The pair of bungalows where the name on the gate was ‘Brockenhurst’ can be seen in the gallery below as it is in 2009. The only other bungalow still in its original state is in Long Road and can also be seen in the gallery below.

Quite why the buildings were called ‘Atomic Bomb Proof’ we do not know, if anyone has anymore information on the construction or how they come to be known as such, please make a comment below.

Update see plans of bungalow here

Comments about this page

  • I remember these houses being built in the late 1940’s,I was a pupil at Canvey County Primary school (opposite) at the time.We used to call them “The Atomic houses” and I believe the name arose from what we thought they looked like taking into account the mind of a ten year old influenced by the then perception of how people could be protected from an atom bomb!

    Interestingly they were built that way purely because that was how they were designed- they must have been among the last houses to be built without a cavity wall as most if not all of them were adapted to incorporate a cavity wall in later years -but they were never bomb proof!

    By Ian Newman (18/10/2009)
  • Hi Ian
    Thanks for the comment and info on the construction of these bungalows.
    Graham

    By Graham Stevens (20/10/2009)
  • I used to live in one of the ‘Atomic Bomb Proof’ bungalows. I moved there in c1960, the buildings were then 15years old. Ours cost £1500 at that time and was called ‘La Maison’. They were definitely ‘Atomic Bomb Proof’, this is how they were advertised and the walls were so hard…………..

    By Daphne (02/11/2009)
  • Despite the recent article in the new ‘Love Canvey’ publication there is no proof that these bungalows are anything to do with the American ‘Atomic Ranch’ Style. Also any comments in the article have no connection with the Archive.

    By Janet Penn (09/09/2011)
  • My grandparents (Smith) lived in the second bungalow along from the Eastern end of the row facing Long Road. We called it ‘the bombshell bungalow’. It had been named ‘Journey’s End’. They moved in about 1947/8 and lived there for about 10 years. As children living in Ilford, we always spent part of the summer holidays there, arriving by steam train from Barking station.
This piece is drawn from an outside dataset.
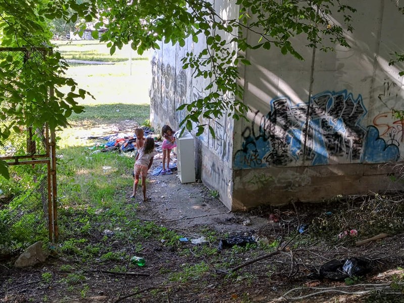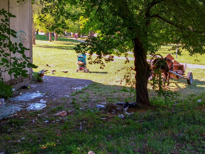 Всеки ден градинката до Блок № 18, до трафопоста става сборен пункт на многодетните семейства. Освен, че са шумни, след себе си ромите оставят купища боклуци.
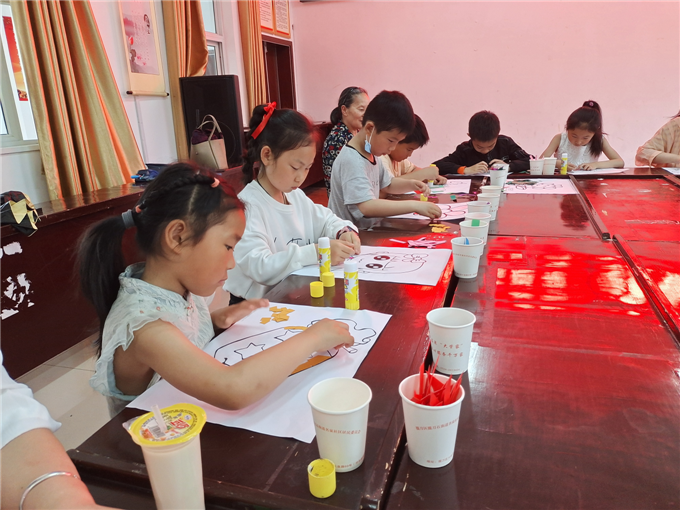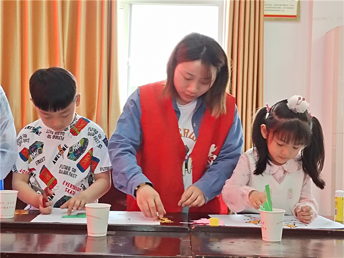 马赛克创意贴画活动正式开始,16名小朋友们蹦蹦跳跳的进入社区文化活动中心4楼,个个热情洋溢,信心十足,期待志愿者老师赶紧讲解绘画要求和发画板、笔、胶水马赛克贴片等材料。在领取了相关绘画材料之后,便在志愿者老师耐心、细心的指导下制作着专属于自己的“艺术品”。不一会儿,一个普普通通的画板上却变作拥有各种色彩和花纹的图片。画纸上的空白被天真烂漫的孩子们一丝丝填满,他们的想象是那么的精彩和无尽,在斑斓的色彩中淋漓尽现。

I remember climbing up onto the roof with my Grandmother with a bucket of mortar to fix cracks in the roof, which seems to have been finished only with a sand and cement screed. Small wonder that later occupants ditched the flat roof for a pitched roof. The flat roof came into its own in the flood of 1953. Our grandparents spent the night up there while water swirled around their door. I remember the relief we all felt on learning that they were safe.

    By Andrew Doig (15/02/2014)
  • Does anybody else remember the builder’s sign outside these houses, saying something like “New bungalows, proof against the atomic bomb” ?
    Seems a pity one of them has not been listed.
    Michael Swanson

    By Michael Swanson (18/03/2021)
  • I remember my Father who was a builder and decorator saying that the postwar government set maximum prices for new homes and the only way that it was possible to build homes was to build them down to the price and to cut every corner possible, hence no proper roof.

    By Richard Davies (26/01/2022)
  • We live in the first one in the Eastern side that is now a two storey house. We had to take up floor boards last year to fix some pipe work and there’s still the screed and shingle from the old roof.

    By Diane (20/11/2023)
  • My understanding is that flat roofs and solid ground floors were usually mandated for new build houses in the postwar austerity era to reduce the need for (imported) timber, as together they accounted for around 50% of the timber required to build a house. However, flat roofs were used for some pre-war houses as a matter of aesthetic design: there are quite a few what were obviously expensive-when-built, 1930’s flat roofed houses locally, although some have had pitched roofs added subsequently.